Sociedade | 03-07-2026 15:00

Metade das novas árvores do Jardim do Coreto na Chamusca estão mortas

Metade das novas árvores do Jardim do Coreto na Chamusca estão mortas
Árvores plantadas no tempo de Paulo Queimado estão mortas no principal jardim da Chamusca - foto DR

Depois da polémica com o abate das árvores centenárias do Jardim do Coreto, na Chamusca, Cerca de metade dos jacarandás plantados para devolver sombra ao jardim estão mortos. O novo presidente da câmara, Nuno Mira, garante a O MIRANTE que as árvores vão ser substituídas.
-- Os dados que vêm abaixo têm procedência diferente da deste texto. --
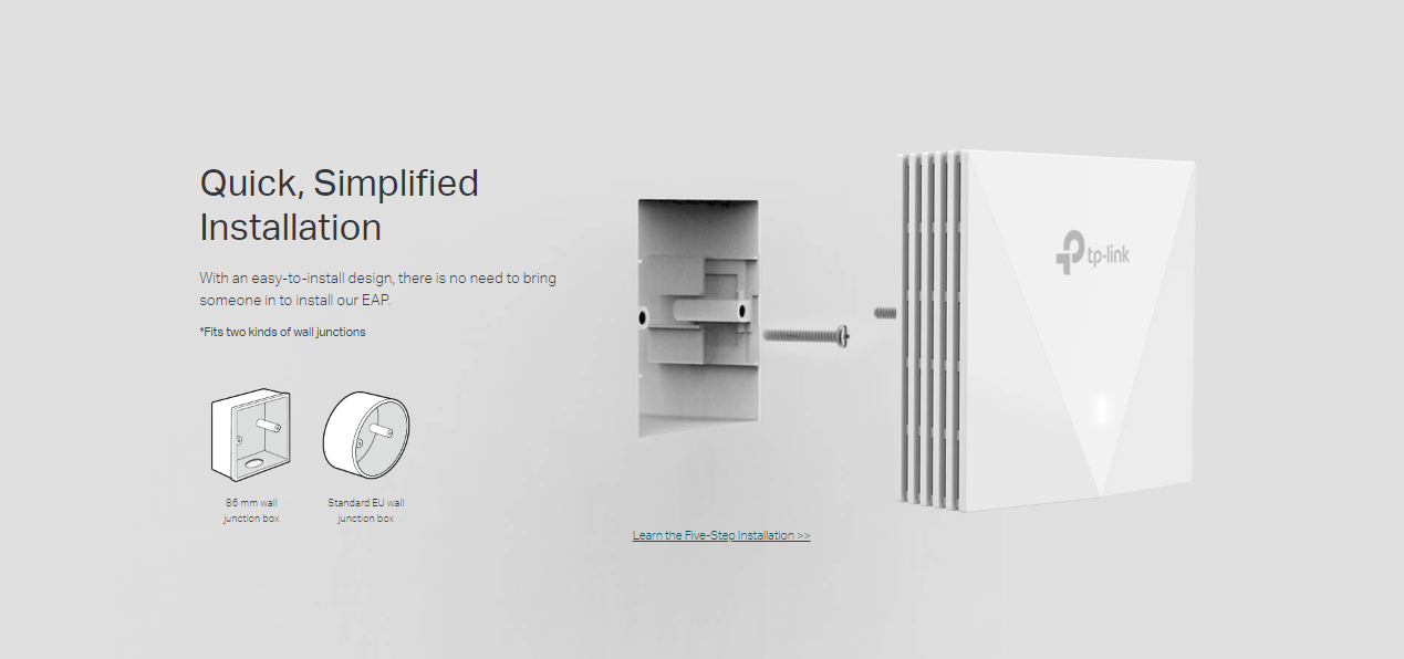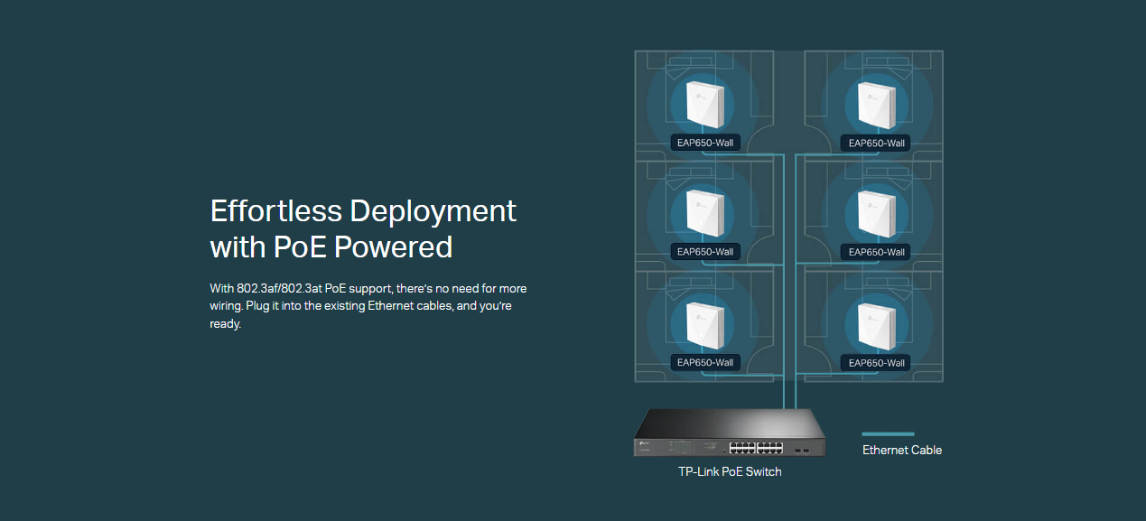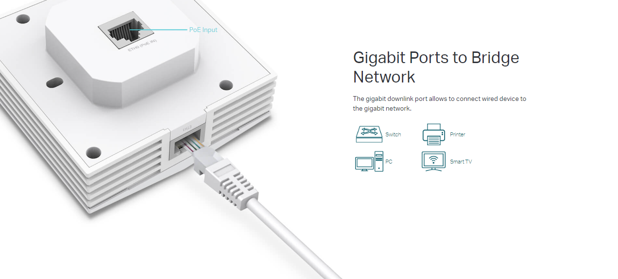 Featuring advanced WiFi 6 technology, the TP-Link EAP650 Wall Plate ensures smooth, reliable connectivity even when multiple devices are connected. With features like OFDMA and MU-MIMO, this access point allows efficient simultaneous communication with numerous devices, minimizing latency and optimizing network efficiency. TP-Link EAP650 Wall is Integrated with TP-Link’s Omada SDN, it offers centralized, cloud-based management for easy configuration and monitoring.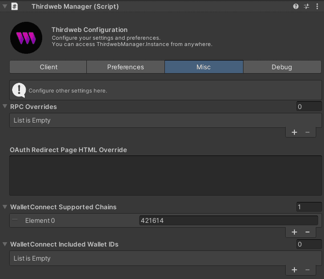 RPC Overrides: A list of RPC overrides to use when connecting to a chain. You can bypass using thirdweb's RPC that way (not recommended).OAuth Redirect Page HTML Override: Raw HTML to override the default redirect page when connecting toInAppWalletorEcosystemWalletproviders.WalletConnect Supported Chains: A list of chains that the wallets should be able to connect to by default when usingWalletConnectas a wallet provider.WalletConnect Included Wallet IDs: A list of wallet IDs that should be included in the WalletConnect modal by default (optional override).

A requalificação do Jardim da República, na Chamusca, voltou a colocar as árvores no centro da discussão pública, sobretudo nas redes sociais. Depois da polémica causada pelo abate das árvores centenárias que durante gerações marcaram a imagem do Jardim do Coreto, cerca de metade dos jacarandás plantados para devolver sombra e vida ao espaço, segundo afirmou o anterior presidente da câmara Paulo Queimado, estão mortos.
Quando, no início de 2025, as árvores antigas foram derrubadas no âmbito da empreitada de requalificação urbana, muitos chamusquenses temeram que o espaço ficasse desvirtuado. A obra, orçada em cerca de 150 mil euros, incidiu sobre o Largo João de Deus e várias artérias envolventes, prometendo renovar o coração da vila. Mas a renovação não caiu bem a grande parte da população, que critica, para além do abate das árvores, a colocação dos novos bancos em pedra.
Os jacarandás, escolhidos para substituir a presença arbórea perdida, não resistiram em número suficiente para garantir a imagem de recuperação que a intervenção procurava transmitir. Contactado por O MIRANTE, o actual presidente da Câmara Municipal da Chamusca, Nuno Mira, garante que o problema terá resposta. O autarca afirma que as árvores mortas vão ser substituídas, assumindo a necessidade de corrigir uma situação que não faz jus a um dos locais mais nobres da vila.